• What to work on
Below are the records; copy exactly the stretch from the line containing "KEY: Level Crossings: U=UP, D=DOWN" through the line containing "This open concept", both ends included, and nothing else.

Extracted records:
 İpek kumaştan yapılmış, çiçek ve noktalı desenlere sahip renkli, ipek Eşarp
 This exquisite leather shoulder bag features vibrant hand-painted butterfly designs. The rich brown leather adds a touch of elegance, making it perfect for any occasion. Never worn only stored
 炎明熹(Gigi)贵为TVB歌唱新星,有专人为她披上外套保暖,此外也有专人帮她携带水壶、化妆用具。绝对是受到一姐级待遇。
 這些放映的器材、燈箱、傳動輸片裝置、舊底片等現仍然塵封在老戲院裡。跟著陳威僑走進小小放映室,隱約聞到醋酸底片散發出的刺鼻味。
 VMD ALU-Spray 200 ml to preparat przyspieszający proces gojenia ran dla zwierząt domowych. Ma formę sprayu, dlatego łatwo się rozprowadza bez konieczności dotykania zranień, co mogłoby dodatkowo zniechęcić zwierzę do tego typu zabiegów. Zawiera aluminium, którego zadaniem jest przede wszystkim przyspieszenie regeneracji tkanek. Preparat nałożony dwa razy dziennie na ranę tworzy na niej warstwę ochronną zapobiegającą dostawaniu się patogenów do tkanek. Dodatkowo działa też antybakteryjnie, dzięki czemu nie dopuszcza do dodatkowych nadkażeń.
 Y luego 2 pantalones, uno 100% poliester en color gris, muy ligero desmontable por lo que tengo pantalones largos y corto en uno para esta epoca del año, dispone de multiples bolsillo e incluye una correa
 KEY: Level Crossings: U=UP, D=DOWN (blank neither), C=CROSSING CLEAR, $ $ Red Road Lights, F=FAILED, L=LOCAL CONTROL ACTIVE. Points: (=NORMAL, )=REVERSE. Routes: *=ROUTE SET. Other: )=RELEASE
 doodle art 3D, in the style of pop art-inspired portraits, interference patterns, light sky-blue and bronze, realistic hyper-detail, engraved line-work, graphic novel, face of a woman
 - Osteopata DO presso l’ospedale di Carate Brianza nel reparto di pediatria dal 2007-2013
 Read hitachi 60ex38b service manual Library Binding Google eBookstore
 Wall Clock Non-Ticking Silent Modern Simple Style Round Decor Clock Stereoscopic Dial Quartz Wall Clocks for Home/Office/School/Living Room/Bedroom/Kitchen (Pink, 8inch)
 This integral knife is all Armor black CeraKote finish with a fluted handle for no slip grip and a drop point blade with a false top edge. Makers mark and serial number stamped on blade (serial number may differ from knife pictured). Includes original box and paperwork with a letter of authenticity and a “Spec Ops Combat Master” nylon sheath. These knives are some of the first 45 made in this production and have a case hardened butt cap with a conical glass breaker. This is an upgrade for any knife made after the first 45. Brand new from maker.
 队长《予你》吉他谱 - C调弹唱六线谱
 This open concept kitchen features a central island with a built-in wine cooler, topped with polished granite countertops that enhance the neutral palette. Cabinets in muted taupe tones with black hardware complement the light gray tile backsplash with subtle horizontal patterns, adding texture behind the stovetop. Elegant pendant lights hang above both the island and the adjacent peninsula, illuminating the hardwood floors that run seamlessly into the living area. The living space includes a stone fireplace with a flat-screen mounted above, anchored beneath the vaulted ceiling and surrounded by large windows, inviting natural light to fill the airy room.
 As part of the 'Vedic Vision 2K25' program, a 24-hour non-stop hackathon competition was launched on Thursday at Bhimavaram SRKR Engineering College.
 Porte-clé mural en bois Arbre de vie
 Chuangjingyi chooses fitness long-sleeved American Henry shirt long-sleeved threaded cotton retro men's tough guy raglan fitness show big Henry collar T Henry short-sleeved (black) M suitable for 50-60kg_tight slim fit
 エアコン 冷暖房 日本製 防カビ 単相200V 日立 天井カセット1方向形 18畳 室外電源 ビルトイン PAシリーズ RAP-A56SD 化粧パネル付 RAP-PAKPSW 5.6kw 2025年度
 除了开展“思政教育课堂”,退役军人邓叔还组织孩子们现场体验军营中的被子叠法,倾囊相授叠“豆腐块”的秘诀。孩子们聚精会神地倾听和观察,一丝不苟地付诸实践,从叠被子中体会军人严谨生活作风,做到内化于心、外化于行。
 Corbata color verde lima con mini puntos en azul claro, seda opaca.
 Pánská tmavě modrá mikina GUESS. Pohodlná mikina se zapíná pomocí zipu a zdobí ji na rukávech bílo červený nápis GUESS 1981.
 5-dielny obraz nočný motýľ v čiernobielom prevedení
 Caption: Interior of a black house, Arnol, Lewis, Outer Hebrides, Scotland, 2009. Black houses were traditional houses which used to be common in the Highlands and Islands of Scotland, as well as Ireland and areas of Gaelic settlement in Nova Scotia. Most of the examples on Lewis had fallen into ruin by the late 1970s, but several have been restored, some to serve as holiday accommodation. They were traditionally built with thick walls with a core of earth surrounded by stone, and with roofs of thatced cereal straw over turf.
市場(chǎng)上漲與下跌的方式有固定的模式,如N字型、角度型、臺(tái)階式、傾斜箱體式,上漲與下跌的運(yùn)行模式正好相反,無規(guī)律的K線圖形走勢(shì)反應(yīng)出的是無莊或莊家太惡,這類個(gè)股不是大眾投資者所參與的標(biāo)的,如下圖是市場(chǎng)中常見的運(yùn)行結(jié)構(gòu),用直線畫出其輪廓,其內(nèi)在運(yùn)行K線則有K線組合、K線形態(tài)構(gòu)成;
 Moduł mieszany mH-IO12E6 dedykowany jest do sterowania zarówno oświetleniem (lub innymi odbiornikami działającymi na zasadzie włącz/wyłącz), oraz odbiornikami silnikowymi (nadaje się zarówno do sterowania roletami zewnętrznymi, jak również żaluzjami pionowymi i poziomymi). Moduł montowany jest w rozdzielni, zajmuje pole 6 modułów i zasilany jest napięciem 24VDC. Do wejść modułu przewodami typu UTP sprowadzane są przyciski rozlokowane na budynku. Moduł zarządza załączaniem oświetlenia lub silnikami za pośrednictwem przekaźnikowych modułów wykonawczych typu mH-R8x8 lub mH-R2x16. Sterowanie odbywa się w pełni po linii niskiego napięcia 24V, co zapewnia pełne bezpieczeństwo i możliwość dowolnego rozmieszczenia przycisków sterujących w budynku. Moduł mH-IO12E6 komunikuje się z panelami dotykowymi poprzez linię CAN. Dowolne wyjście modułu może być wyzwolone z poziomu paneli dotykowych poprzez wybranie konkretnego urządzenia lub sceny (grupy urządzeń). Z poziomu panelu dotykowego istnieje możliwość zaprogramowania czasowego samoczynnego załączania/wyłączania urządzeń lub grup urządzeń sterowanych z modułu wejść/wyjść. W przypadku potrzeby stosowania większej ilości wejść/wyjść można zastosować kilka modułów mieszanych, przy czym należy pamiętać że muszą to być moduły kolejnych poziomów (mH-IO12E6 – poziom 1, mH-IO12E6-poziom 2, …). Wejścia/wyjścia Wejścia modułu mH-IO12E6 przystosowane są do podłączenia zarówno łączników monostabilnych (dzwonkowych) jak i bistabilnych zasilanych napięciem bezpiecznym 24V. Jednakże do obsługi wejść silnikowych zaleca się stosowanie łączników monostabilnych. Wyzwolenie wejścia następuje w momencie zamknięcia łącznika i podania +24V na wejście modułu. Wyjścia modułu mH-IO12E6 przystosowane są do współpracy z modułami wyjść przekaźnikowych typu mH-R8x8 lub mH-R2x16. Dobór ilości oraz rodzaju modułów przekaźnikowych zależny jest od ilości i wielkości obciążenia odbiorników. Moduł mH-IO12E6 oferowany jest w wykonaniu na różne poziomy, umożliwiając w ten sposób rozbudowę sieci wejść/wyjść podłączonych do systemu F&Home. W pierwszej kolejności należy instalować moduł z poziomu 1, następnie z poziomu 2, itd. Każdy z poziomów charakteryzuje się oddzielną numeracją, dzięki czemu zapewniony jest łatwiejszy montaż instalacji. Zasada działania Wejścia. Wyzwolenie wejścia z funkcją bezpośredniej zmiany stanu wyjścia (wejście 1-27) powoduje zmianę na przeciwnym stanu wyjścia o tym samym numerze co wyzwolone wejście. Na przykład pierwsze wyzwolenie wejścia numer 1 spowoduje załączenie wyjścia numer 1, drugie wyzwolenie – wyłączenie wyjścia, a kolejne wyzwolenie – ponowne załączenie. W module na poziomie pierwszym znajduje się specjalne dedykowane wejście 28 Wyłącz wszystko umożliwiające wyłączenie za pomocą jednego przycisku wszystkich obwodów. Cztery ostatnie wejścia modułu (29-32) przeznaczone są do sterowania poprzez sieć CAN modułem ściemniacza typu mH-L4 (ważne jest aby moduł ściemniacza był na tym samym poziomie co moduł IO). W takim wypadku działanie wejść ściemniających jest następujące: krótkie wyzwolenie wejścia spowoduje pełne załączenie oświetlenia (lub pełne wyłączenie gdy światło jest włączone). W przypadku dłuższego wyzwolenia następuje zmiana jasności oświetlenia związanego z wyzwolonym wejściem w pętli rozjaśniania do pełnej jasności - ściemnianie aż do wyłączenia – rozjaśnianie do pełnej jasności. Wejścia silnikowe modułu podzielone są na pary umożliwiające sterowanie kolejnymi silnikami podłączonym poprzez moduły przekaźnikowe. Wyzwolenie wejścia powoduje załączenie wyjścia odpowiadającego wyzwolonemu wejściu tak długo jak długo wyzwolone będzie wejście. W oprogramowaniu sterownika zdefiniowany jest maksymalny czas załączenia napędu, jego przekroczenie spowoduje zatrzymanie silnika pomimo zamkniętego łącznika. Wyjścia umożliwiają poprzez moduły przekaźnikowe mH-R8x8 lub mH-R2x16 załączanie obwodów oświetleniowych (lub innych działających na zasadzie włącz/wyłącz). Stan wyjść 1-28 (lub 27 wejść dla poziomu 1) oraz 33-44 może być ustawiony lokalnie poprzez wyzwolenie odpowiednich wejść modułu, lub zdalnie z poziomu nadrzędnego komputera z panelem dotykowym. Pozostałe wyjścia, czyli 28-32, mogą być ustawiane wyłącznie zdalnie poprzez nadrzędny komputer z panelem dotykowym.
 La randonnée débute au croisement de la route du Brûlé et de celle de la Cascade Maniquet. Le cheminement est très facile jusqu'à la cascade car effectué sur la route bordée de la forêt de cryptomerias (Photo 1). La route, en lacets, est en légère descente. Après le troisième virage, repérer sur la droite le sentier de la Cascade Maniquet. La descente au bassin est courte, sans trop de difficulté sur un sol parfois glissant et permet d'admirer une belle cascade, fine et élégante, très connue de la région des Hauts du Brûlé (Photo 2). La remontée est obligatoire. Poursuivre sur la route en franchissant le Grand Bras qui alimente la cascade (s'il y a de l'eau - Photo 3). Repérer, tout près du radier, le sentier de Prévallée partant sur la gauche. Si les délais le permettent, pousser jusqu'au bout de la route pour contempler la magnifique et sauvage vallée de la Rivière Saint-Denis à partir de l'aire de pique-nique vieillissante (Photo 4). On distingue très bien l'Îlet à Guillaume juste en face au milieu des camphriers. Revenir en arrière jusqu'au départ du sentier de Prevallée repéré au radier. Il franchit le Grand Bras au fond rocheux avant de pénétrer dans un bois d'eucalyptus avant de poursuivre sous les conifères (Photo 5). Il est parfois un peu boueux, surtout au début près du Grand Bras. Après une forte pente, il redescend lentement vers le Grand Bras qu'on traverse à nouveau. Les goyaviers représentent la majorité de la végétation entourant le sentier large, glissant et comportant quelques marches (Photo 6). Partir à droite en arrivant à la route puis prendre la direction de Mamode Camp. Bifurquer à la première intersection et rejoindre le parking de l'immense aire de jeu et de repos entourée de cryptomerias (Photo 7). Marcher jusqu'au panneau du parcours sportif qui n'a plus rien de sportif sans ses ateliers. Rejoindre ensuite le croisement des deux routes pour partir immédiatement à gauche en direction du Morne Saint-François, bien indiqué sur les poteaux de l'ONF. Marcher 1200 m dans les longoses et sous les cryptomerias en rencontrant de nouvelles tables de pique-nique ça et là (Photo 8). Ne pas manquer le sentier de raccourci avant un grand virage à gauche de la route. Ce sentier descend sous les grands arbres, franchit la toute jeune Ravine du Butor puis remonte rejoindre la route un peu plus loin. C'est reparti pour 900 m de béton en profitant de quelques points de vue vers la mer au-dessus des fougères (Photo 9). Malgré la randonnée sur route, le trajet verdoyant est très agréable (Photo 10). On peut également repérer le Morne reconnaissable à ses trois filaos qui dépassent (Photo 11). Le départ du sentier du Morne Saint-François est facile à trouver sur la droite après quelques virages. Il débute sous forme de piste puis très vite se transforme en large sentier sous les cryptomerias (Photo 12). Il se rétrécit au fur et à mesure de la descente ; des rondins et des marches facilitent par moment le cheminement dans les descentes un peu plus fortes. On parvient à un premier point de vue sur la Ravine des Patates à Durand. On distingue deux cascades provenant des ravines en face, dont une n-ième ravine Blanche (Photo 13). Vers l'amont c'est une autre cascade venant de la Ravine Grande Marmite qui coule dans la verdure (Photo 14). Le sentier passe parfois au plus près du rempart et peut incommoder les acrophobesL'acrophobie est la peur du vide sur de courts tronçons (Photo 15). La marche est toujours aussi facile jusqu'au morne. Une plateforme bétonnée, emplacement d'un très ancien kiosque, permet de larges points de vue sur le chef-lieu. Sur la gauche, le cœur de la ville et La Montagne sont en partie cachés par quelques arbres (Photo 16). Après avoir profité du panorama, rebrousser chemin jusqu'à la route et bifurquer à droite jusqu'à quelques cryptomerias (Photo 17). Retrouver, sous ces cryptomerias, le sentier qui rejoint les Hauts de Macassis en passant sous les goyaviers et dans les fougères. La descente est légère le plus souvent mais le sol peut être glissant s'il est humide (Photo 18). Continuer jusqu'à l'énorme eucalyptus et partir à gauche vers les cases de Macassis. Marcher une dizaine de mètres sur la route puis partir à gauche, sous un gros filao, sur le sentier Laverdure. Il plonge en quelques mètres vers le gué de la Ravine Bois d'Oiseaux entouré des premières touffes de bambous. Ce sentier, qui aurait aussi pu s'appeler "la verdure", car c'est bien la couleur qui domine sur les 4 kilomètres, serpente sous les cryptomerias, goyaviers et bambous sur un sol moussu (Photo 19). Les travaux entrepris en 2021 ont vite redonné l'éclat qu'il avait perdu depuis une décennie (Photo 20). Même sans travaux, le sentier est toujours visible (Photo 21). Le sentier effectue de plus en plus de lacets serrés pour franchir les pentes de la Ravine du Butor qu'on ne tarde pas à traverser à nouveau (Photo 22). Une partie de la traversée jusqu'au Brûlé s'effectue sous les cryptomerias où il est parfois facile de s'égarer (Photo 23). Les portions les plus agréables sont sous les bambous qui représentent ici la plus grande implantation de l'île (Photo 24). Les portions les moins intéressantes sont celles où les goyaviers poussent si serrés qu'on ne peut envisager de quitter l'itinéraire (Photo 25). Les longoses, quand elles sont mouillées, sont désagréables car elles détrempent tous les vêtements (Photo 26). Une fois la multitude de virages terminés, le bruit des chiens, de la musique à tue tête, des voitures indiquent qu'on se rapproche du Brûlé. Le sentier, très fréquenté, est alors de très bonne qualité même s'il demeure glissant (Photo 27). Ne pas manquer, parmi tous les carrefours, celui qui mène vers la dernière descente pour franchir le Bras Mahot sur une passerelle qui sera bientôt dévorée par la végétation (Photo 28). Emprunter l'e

• Answer to this problem
 KEY: Level Crossings: U=UP, D=DOWN (blank neither), C=CROSSING CLEAR, $ $ Red Road Lights, F=FAILED, L=LOCAL CONTROL ACTIVE. Points: (=NORMAL, )=REVERSE. Routes: *=ROUTE SET. Other: )=RELEASE
 doodle art 3D, in the style of pop art-inspired portraits, interference patterns, light sky-blue and bronze, realistic hyper-detail, engraved line-work, graphic novel, face of a woman
 - Osteopata DO presso l’ospedale di Carate Brianza nel reparto di pediatria dal 2007-2013
 Read hitachi 60ex38b service manual Library Binding Google eBookstore
 Wall Clock Non-Ticking Silent Modern Simple Style Round Decor Clock Stereoscopic Dial Quartz Wall Clocks for Home/Office/School/Living Room/Bedroom/Kitchen (Pink, 8inch)
 This integral knife is all Armor black CeraKote finish with a fluted handle for no slip grip and a drop point blade with a false top edge. Makers mark and serial number stamped on blade (serial number may differ from knife pictured). Includes original box and paperwork with a letter of authenticity and a “Spec Ops Combat Master” nylon sheath. These knives are some of the first 45 made in this production and have a case hardened butt cap with a conical glass breaker. This is an upgrade for any knife made after the first 45. Brand new from maker.
 队长《予你》吉他谱 - C调弹唱六线谱
 This open concept kitchen features a central island with a built-in wine cooler, topped with polished granite countertops that enhance the neutral palette. Cabinets in muted taupe tones with black hardware complement the light gray tile backsplash with subtle horizontal patterns, adding texture behind the stovetop. Elegant pendant lights hang above both the island and the adjacent peninsula, illuminating the hardwood floors that run seamlessly into the living area. The living space includes a stone fireplace with a flat-screen mounted above, anchored beneath the vaulted ceiling and surrounded by large windows, inviting natural light to fill the airy room.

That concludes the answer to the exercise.